I read both those articles, but I still don't get how to do it. It seems the idea is that more of the embedding is informed by context, but do I _do_ late chunking?

My best guess so far is that somehow I embed a long text and then I break up the returned embedding into multiple parts and search each separately? But that doesn't sound right.

lsorber · on Nov 24, 2024

The name ‘late chunking’ is indeed somewhat of a misnomer in the sense that the technique does not partition documents into document chunks. What it actually does is to pool token embeddings (of a large context) into say sentence embeddings. The result is that your document is now represented as a sequence of sentence embeddings, each of which is informed by the other sentences in the document.

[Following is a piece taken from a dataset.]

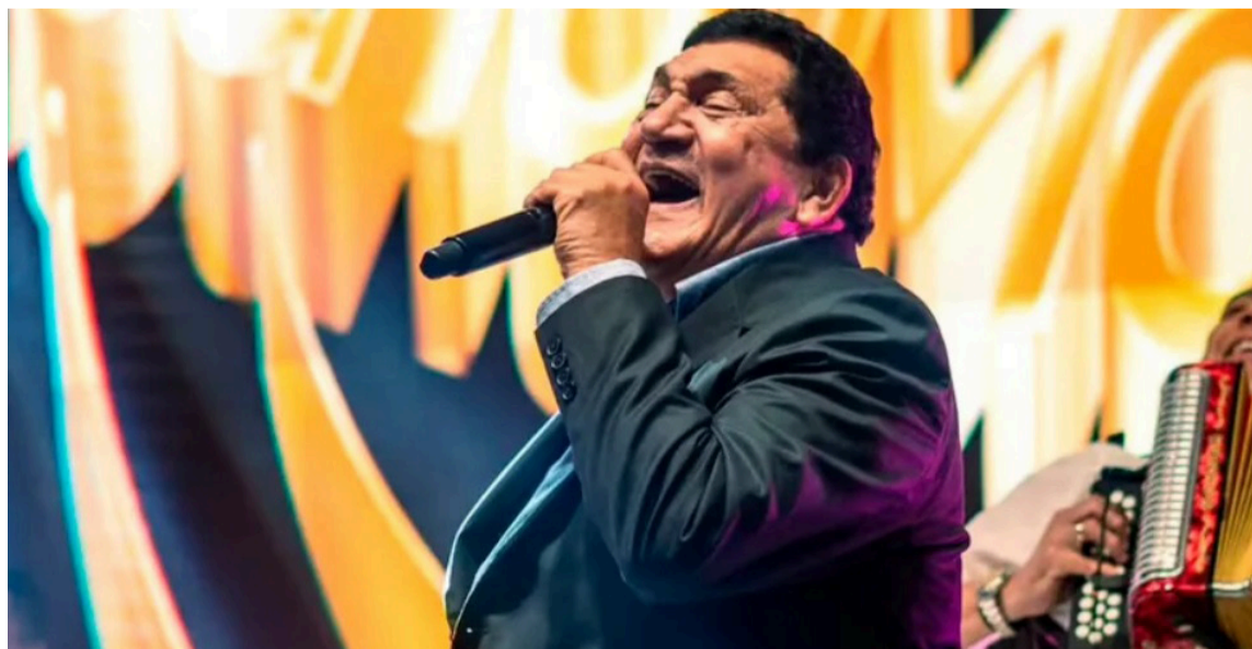
'Poncho' Zuleta no divide territorios cuando dice que el vallenato es de La Guajira.

Miembro de Sayco, Isaías Celedón Cotes escribe desde la frontera invisible entre razón y sentimiento. Su voz literaria busca sanar, recordar y celebrar lo esencial: que la música y la palabra son formas de resistencia del alma, y que todo lo que nace del corazón... permanece eterno.

Then, you want to parition the document into chunks. Late chunking pairs really well with semantic chunking because it can use late chunking's improved sentence embeddings to find semantically more cohesive chunks. In fact, you can cast this as a binary integer programming problem and find the ‘best’ chunks this way. See RAGLite [1] for an implementation of both techniques including the formulation of semantic chunking as an optimization problem.

Finally, you have a sequence of document chunks, each represented as a multi-vector sequence of sentence embeddings. You could choose to pool these sentence embeddings into a single embedding vector per chunk. Or, you could leave the multi-vector chunk embeddings as-is and apply a more advanced querying technique like ColBERT's MaxSim [2].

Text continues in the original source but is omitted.